**WORK ORDER:** Restate word for word the opening line of the data below and every line after it until the line with "9月24日,在哥伦比亚塞哥维亚市,获救矿工拥抱家人。", that line too, but not the pictures.

**RAW DATA:**
※
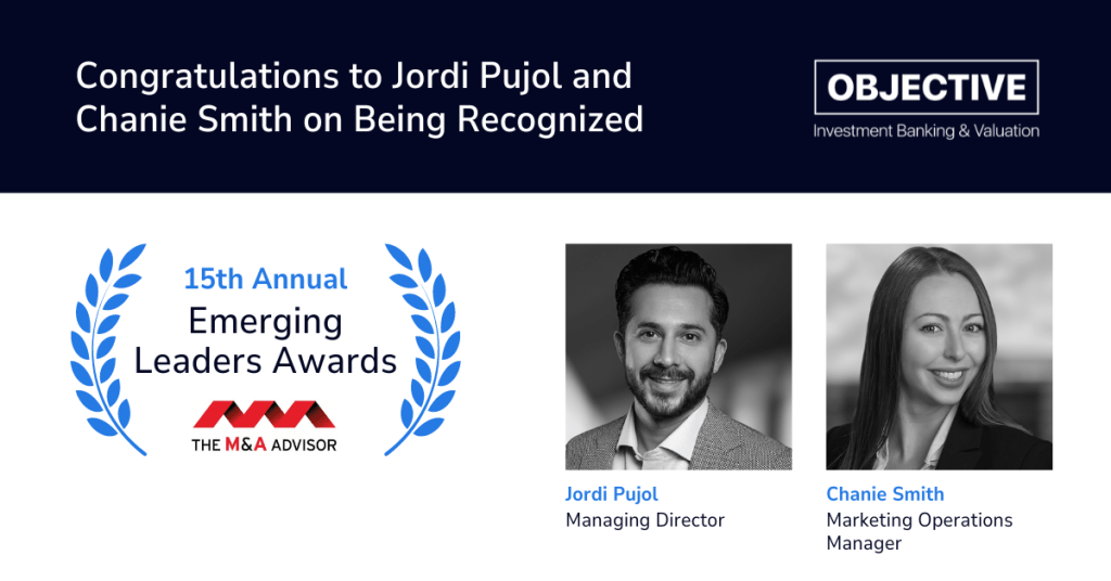 The M&A Advisor announced Jordi Pujol, Managing Director and Chanie Smith, Marketing Operations Manager, of Objective Investment Banking and Valuation are recipients of the 15th Annual Emerging Leaders Award.
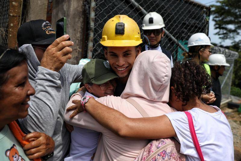 9月24日,在哥伦比亚塞哥维亚市,获救矿工拥抱家人。
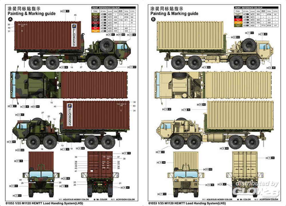 - Antriebsstrang komplett mit Motorgetriebe, Differentialgehäuse und Federung. - Die Reifen sind Hohlgummi mit sehr gutem Profil - Die Windschutzscheibe und die Seitenfenster bestehen aus klaren Teilen - Fotoätzteile enthalten - Container enthalten Detailed cab. > Full drive train assembly complete with engine transmission, differential housing and suspension units. > The main tires are hollow rubber with very good tread pattern > The windshield and side windows are made of clear parts. > Photo-etched parts included > Container included Zusatzinformationen
※
**REPLY TO THE TASK:**
 The M&A Advisor announced Jordi Pujol, Managing Director and Chanie Smith, Marketing Operations Manager, of Objective Investment Banking and Valuation are recipients of the 15th Annual Emerging Leaders Award.
 9月24日,在哥伦比亚塞哥维亚市,获救矿工拥抱家人。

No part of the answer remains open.